Data entries:

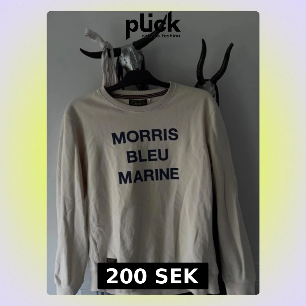 Snygg beige sweatshirt från Morris med mörkblå text 'MORRIS BLEU MARINE' på bröstet. Tröjan har rund hals, långa ärmar och ribbade muddar. Perfekt för dig som gillar stilrena och klassiska plagg med en twist.
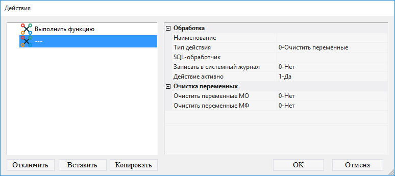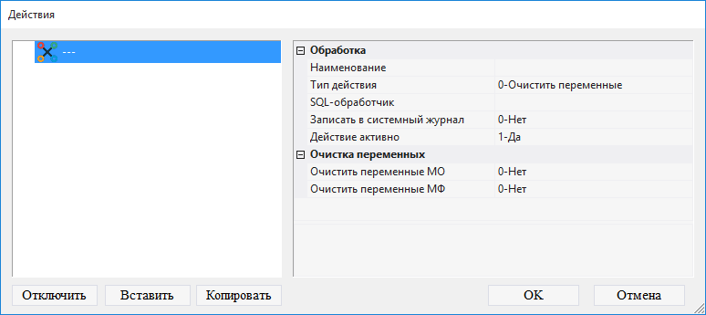 Внимание: если Вы хотите изучить механизм настройки действия детально, выполните шаги 8.4.1.5 - 8.4.1.17. Если Вы уже знакомы с тем, как осуществляется настройка действия, пропустите шаги 8.4.1.5 - 8.4.1.17 и перейдите к шагу 8.4.1.18.
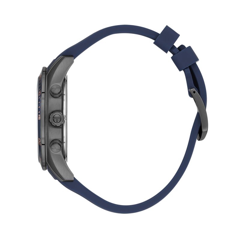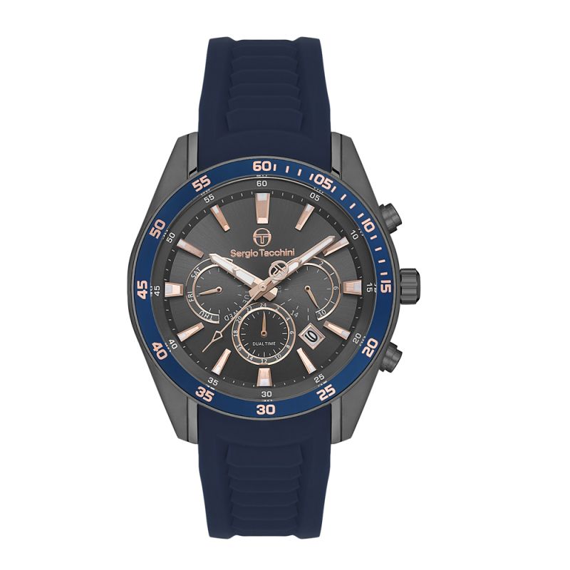 Мъжки часовник Sergio Tacchini със спортно-елегантен дизайн. Корпус от неръждаема стомана, съчетан с тъмносиня силиконова каишка. Сив мултифункционален дисплей със стрелки и индекси в цвят розово злато. Стъкло минерал-кристал. Кварцов механизъм. Водоустойчивост 5 ATM - допускат се леки пръски и взимане на душ, не се препоръчва обилно мокрене.
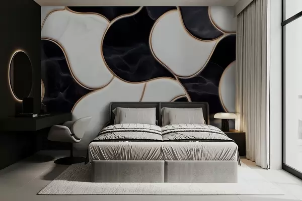 Wall murals Abstract imitation of a marble composition in black and white tones with yellow lines Nr. w09733
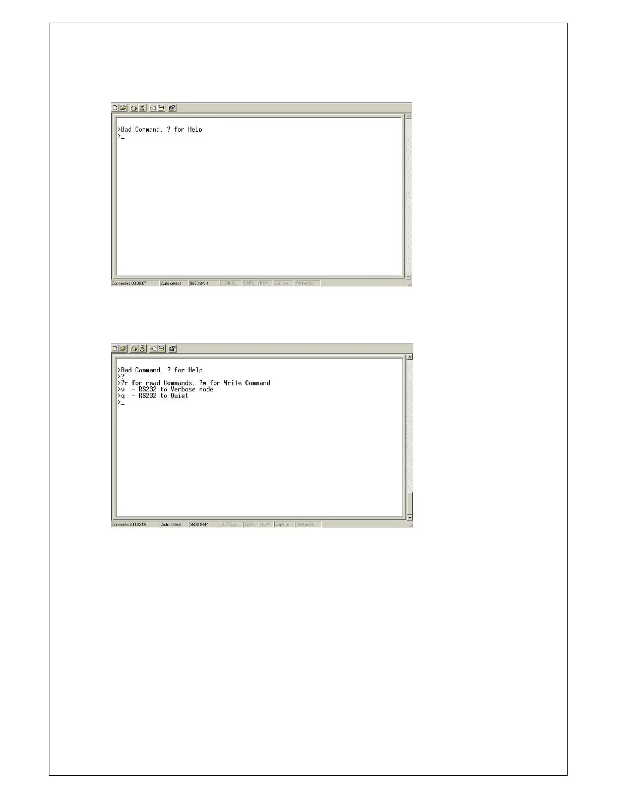 All commands must be executed as lower case characters followed by return. All commands
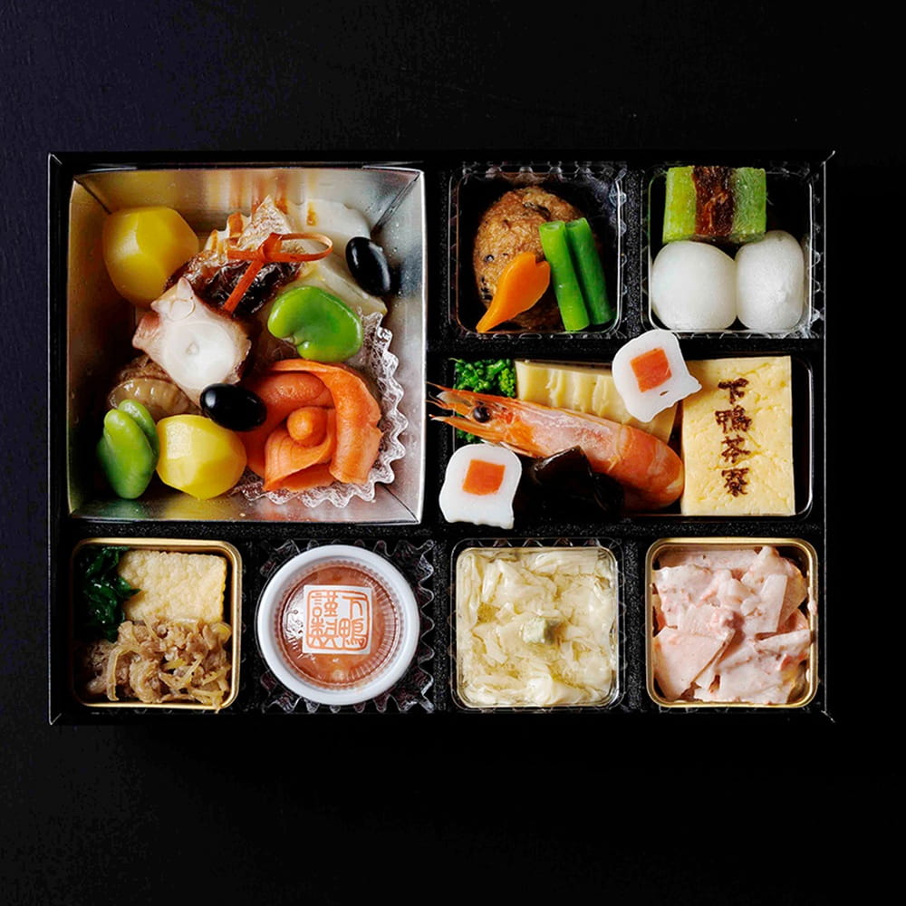 厚焼玉子、カラスカレイ西京焼、飛龍頭煮、ゆばのあんかけ、筍の梅ドレッシング和え、白餡入団子、柚子柿サンド、サーモンフラワー、揚げ豆腐、牛しぐれ煮、栗甘露煮、菜の花ひたし、帆立ひもたらこ雲丹和え、筍煮、アズマニシキ貝煮、にしん昆布巻、海老煮、蒲鉾、蛸旨煮、一寸豆、いんげん煮、黒豆甘露煮、小川巻、人参煮、葱煮、わさび
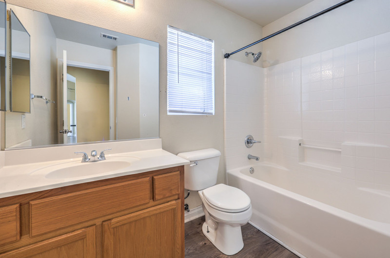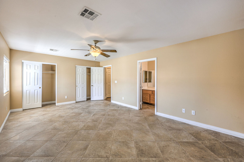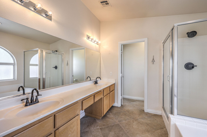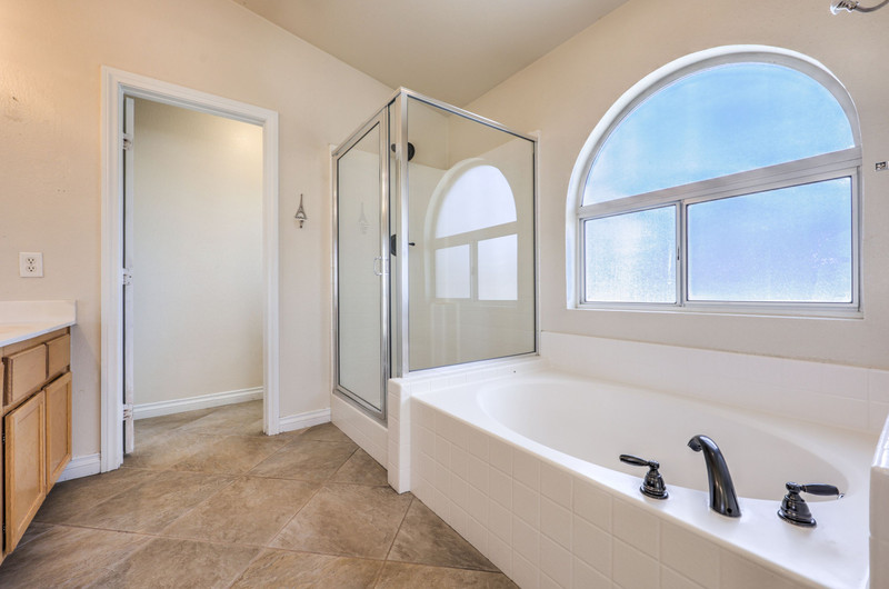 The primary suite includes vaulted ceilings, a large 16x14 layout with bay window and sliding door access to the backyard, and a walk-in closet. The en-suite bathroom features dual sinks, separate tub and shower, and tile flooring.
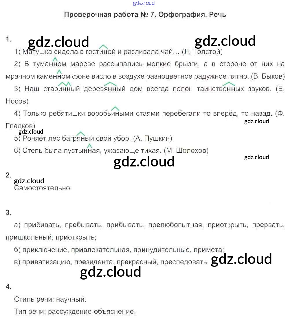 Ответ на задание ПР №7. Орфография. Речь Тетрадь для оценки качества знаний Русский язык за 6 (шестой) класс Львов Вертикаль 2015
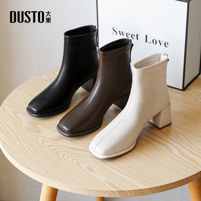 大东白色短靴女2026新款秋冬加绒方头粗跟高跟靴法式靴子切尔西靴
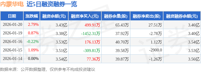 内蒙华电融资融券信息显示,融资方面,当日融资买入4456.56万元,融资偿还3956.65万元,融资净买入499.91万元。融券方面,融券卖出28.17万股,融券偿还6600.0股,融券余量65.43万股,融券余额313.41万元。融资融券余额3.46亿元。
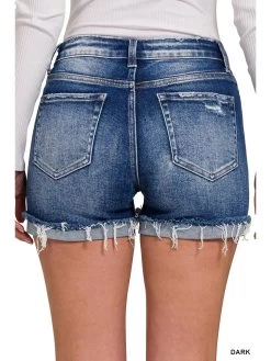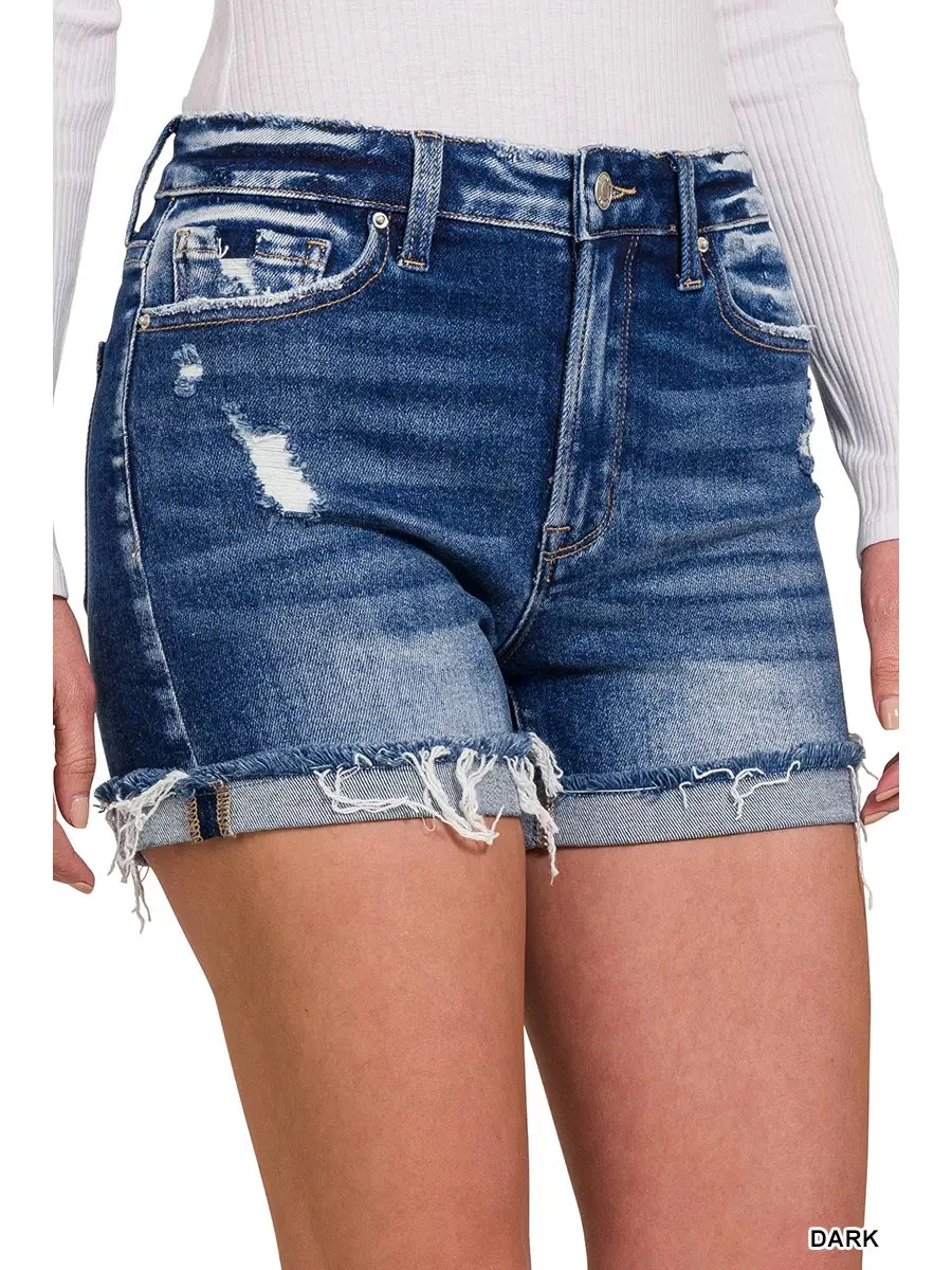 Distressed Cuffed Raw Hem Shorts – Denim
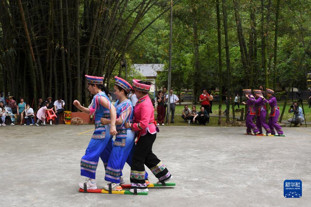 4月21日,在羅城縣米椎林景區,人們參加板鞋競技比賽。
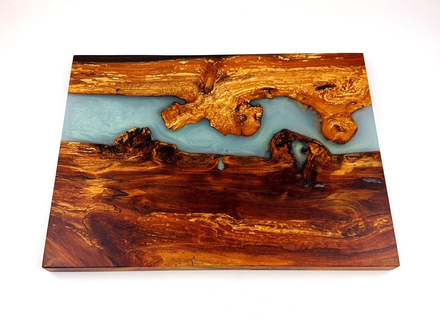 Applewood charcuterie board with Gage-Blue epoxy resin river. Finish is 100% food grade/safe Walrus brand mineral oil with Walrus brand cutting board wax topcoat. Pics show both sides.
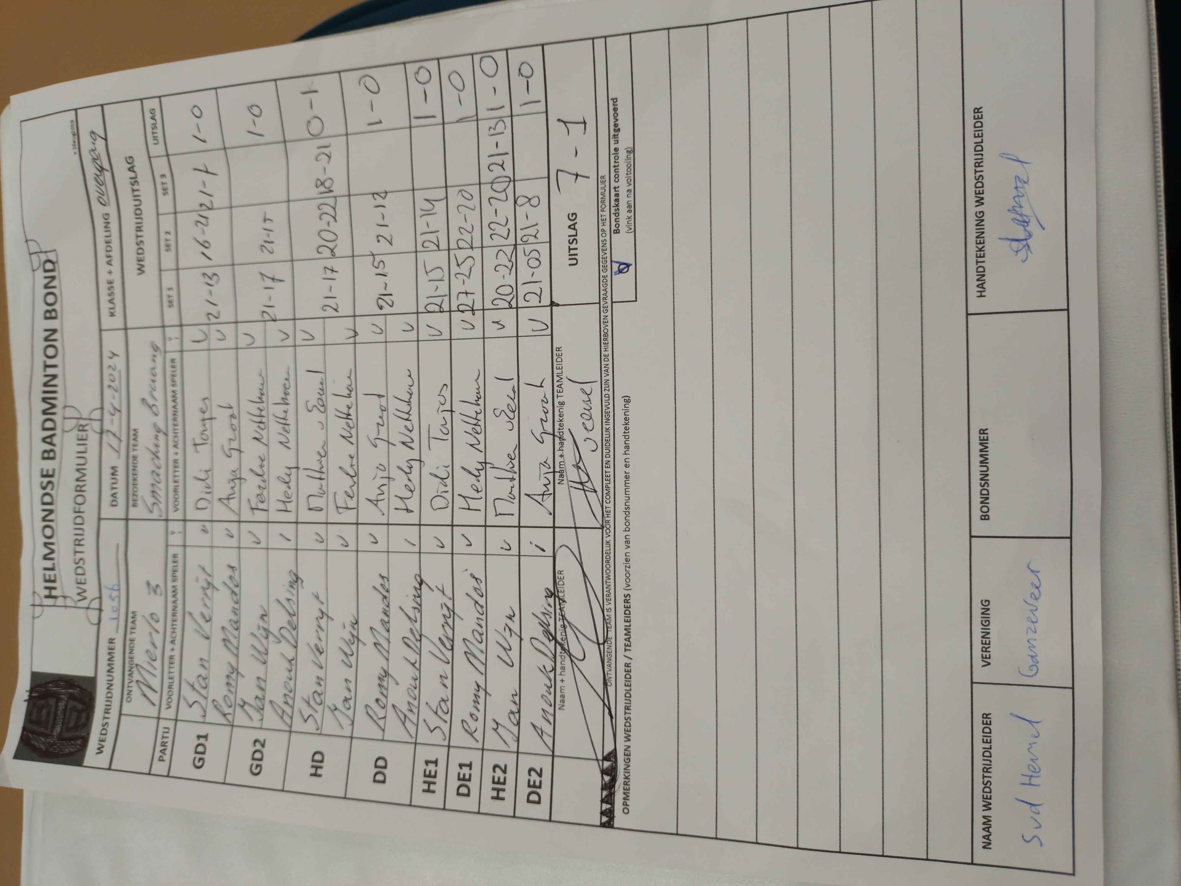 | 1056 | wo. 17-04-2024 | Mierlo 3 | - | Smashing Bruang 1 | 1 | 7 - 1 | |||
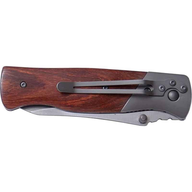 <p> Lâmina: Aço inox 8,5cms<br /> ? Revestimento em titânio<br /> Punho: Madeira</p>
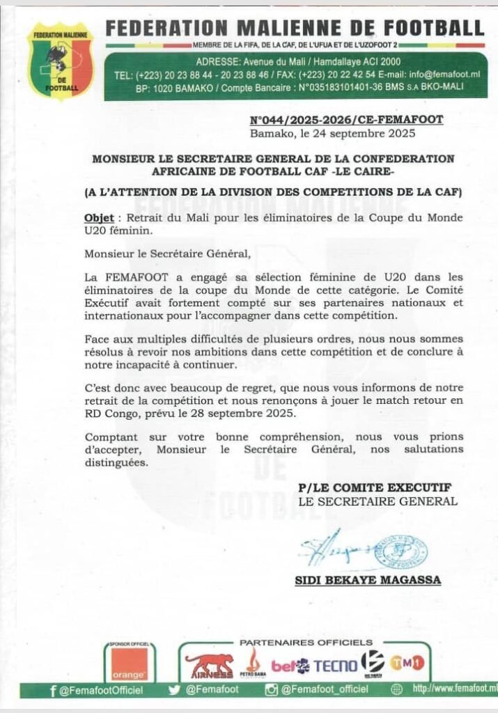 L’annonce a été faite à travers un communiqué officiel signé par le secrétaire général de la Fédération malienne de football (FEMAFOOT), Sidi Bekaye Magassa, et adressé à la Confédération Africaine de Football (CAF).

Exercise brief — Copy only the lines running from the one that holds "4月21日,在羅城縣米椎林景區,人們參加板鞋競技比賽。" through the last line of the data, and include both of those lines. Do not copy any pictures.

Response box —
 4月21日,在羅城縣米椎林景區,人們參加板鞋競技比賽。
 Applewood charcuterie board with Gage-Blue epoxy resin river. Finish is 100% food grade/safe Walrus brand mineral oil with Walrus brand cutting board wax topcoat. Pics show both sides.
 | 1056 | wo. 17-04-2024 | Mierlo 3 | - | Smashing Bruang 1 | 1 | 7 - 1 | |||
 <p> Lâmina: Aço inox 8,5cms<br /> ? Revestimento em titânio<br /> Punho: Madeira</p>
 L’annonce a été faite à travers un communiqué officiel signé par le secrétaire général de la Fédération malienne de football (FEMAFOOT), Sidi Bekaye Magassa, et adressé à la Confédération Africaine de Football (CAF).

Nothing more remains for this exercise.